- _Try it_: For this exercise, transcribe every line of the material exactly and skip the pictures.

- _Provided material_:
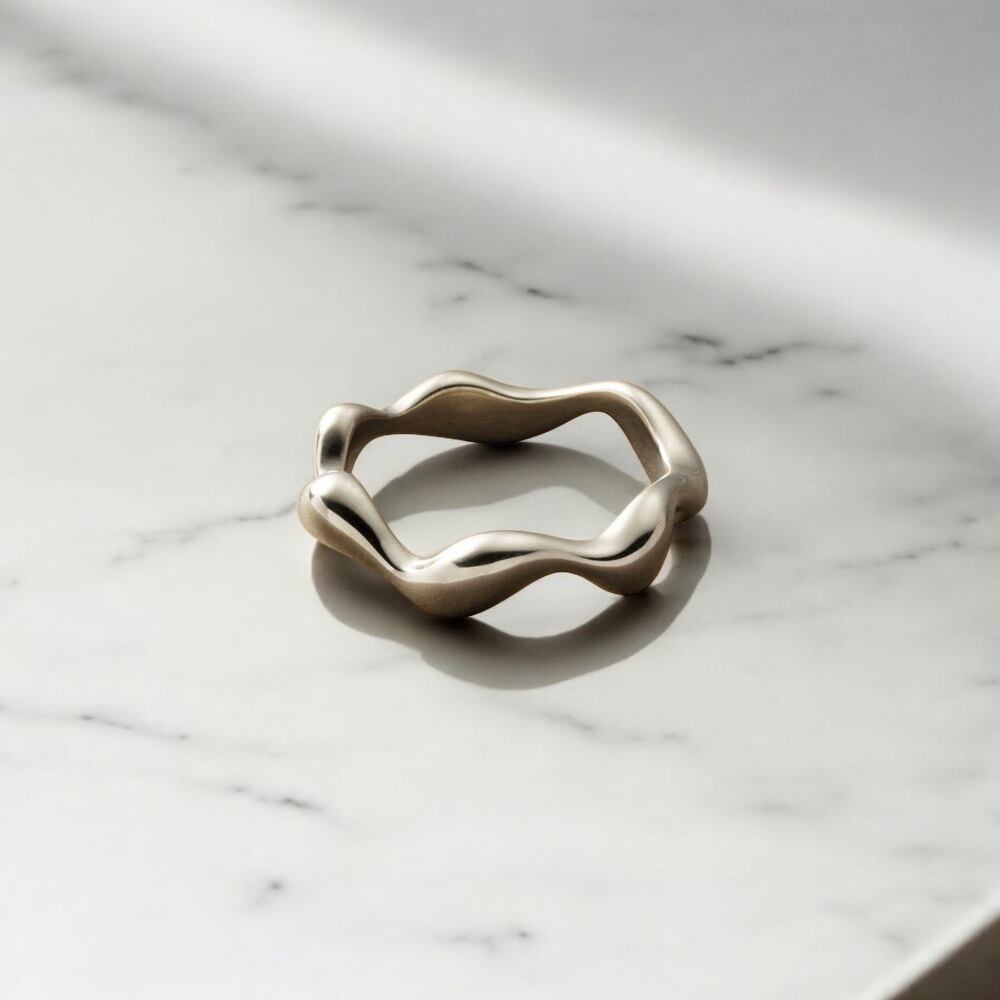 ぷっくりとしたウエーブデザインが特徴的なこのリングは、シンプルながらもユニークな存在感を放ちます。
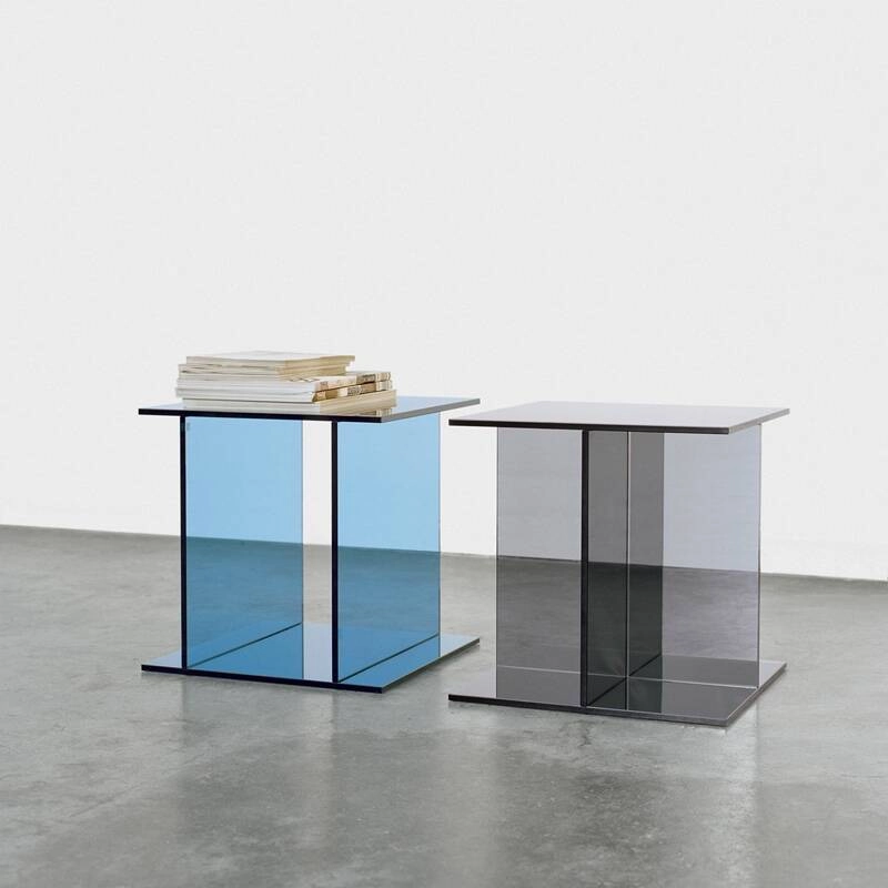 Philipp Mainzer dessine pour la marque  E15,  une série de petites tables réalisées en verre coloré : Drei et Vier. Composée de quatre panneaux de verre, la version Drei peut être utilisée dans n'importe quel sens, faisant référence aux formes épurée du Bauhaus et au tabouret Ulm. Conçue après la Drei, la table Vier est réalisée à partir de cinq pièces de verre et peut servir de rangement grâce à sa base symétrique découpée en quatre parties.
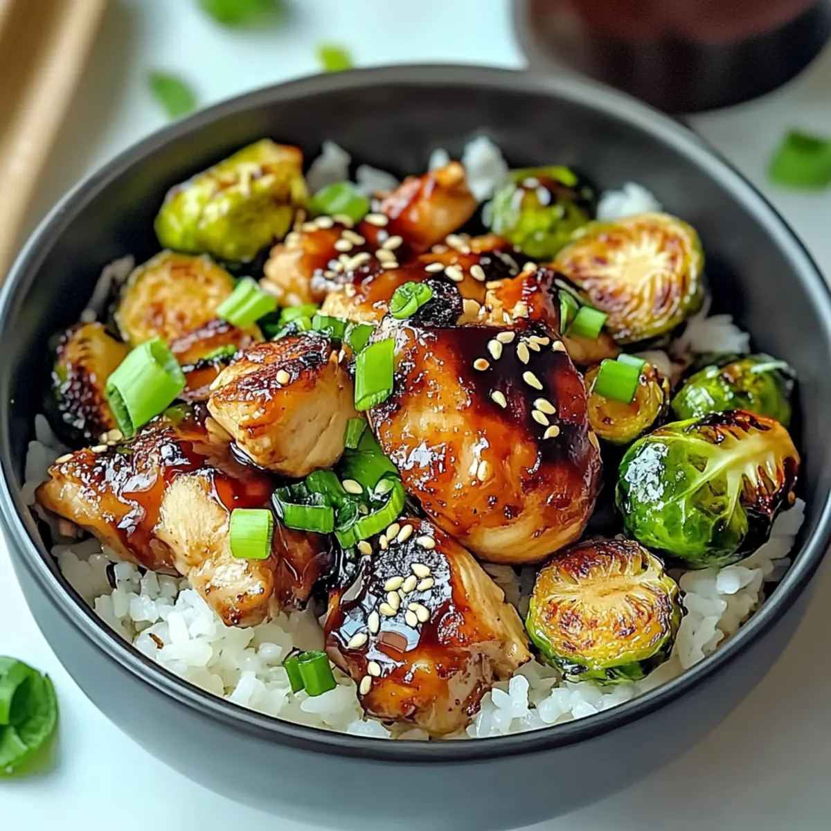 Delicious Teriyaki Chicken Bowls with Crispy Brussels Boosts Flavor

- _Reply to the exercise_:
 ぷっくりとしたウエーブデザインが特徴的なこのリングは、シンプルながらもユニークな存在感を放ちます。
 Philipp Mainzer dessine pour la marque  E15,  une série de petites tables réalisées en verre coloré : Drei et Vier. Composée de quatre panneaux de verre, la version Drei peut être utilisée dans n'importe quel sens, faisant référence aux formes épurée du Bauhaus et au tabouret Ulm. Conçue après la Drei, la table Vier est réalisée à partir de cinq pièces de verre et peut servir de rangement grâce à sa base symétrique découpée en quatre parties.
 Delicious Teriyaki Chicken Bowls with Crispy Brussels Boosts Flavor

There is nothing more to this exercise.